== About this task ==
Shown below is a listing with pictures; reproduce exactly, and only, the lines between the ones containing "滋賀県湖南市に位置する真願寺" and "Striped crochet sweater—oversized, breathable, and", inclusive, leaving the pictures out.
Supplied material START
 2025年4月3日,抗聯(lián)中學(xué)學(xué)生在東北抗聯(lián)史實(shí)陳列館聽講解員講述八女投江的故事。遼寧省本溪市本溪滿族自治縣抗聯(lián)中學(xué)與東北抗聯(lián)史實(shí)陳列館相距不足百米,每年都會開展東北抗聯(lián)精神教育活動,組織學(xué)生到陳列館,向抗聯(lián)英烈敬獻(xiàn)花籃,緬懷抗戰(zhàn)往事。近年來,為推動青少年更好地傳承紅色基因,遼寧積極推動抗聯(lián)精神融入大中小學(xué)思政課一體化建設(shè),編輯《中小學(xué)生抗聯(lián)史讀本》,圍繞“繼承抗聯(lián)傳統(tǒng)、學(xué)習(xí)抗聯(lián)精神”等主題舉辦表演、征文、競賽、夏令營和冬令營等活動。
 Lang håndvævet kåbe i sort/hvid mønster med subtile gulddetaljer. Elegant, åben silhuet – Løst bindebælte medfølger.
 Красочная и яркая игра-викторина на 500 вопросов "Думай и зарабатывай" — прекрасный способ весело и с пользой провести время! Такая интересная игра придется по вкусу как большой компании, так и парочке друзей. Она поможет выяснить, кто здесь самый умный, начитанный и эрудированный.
Supplied material END
Supplied material START
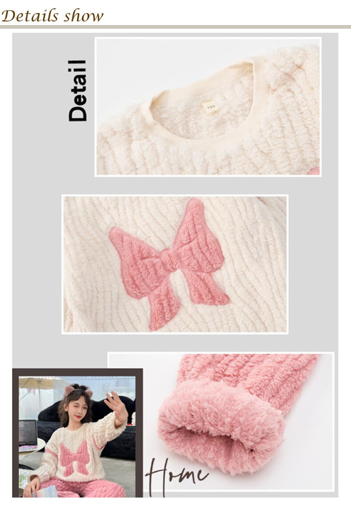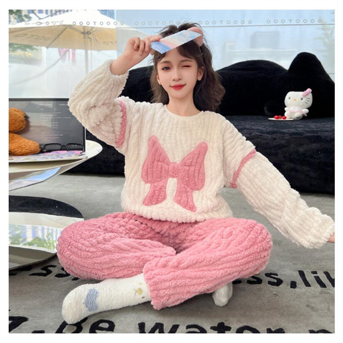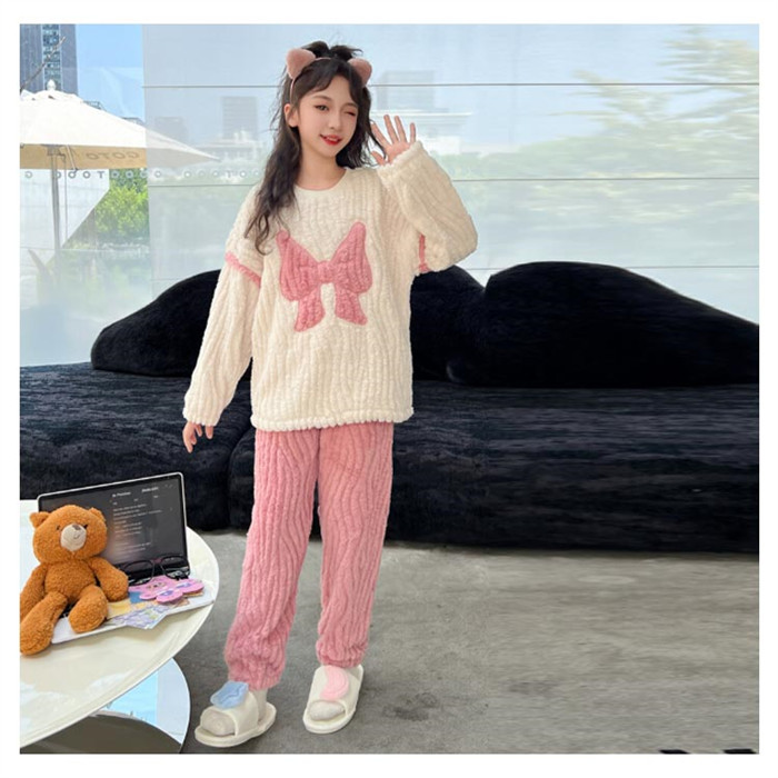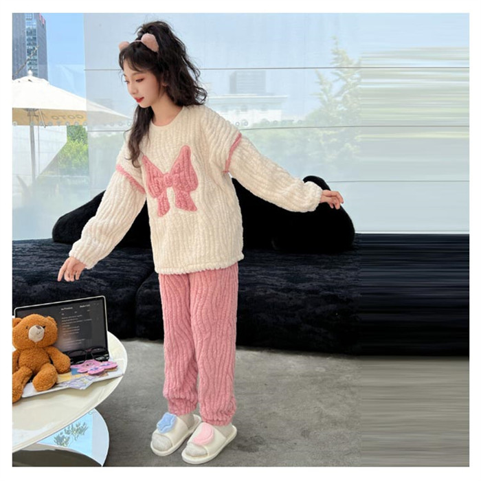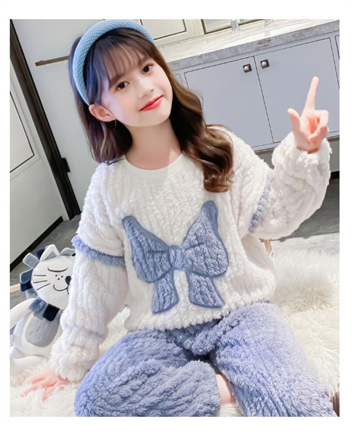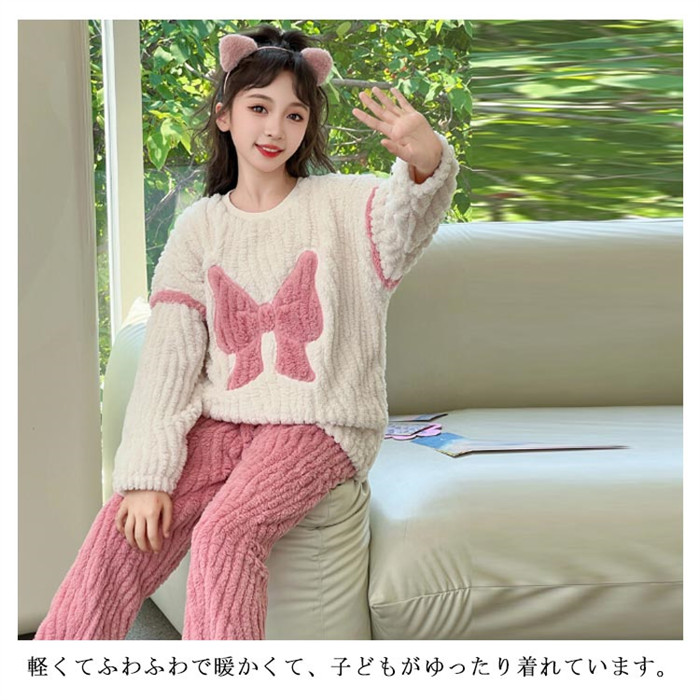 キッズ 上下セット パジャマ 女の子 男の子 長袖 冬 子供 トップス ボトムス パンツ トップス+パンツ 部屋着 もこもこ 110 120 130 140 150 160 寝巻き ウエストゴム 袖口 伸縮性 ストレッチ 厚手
Supplied material END
Supplied material START
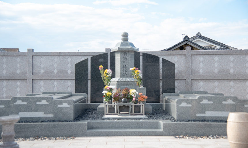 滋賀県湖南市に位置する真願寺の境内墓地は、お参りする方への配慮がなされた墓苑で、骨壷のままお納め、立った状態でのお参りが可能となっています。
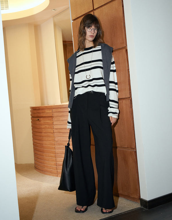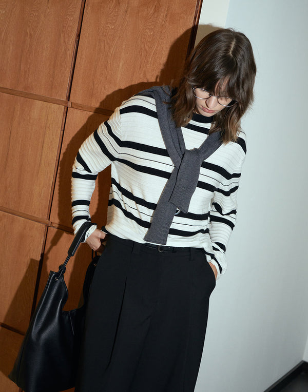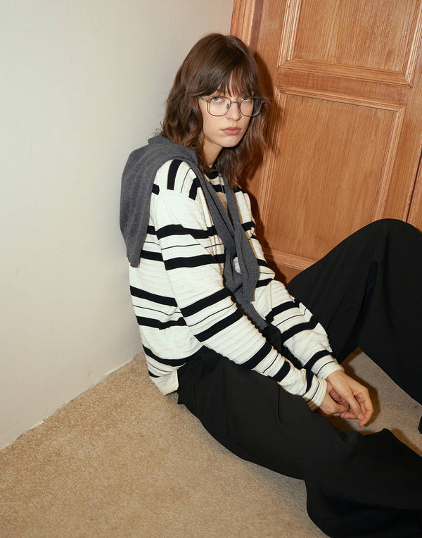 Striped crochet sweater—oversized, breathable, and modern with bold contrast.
Supplied material END
== Exercise answer ==
 滋賀県湖南市に位置する真願寺の境内墓地は、お参りする方への配慮がなされた墓苑で、骨壷のままお納め、立った状態でのお参りが可能となっています。
 Striped crochet sweater—oversized, breathable, and modern with bold contrast.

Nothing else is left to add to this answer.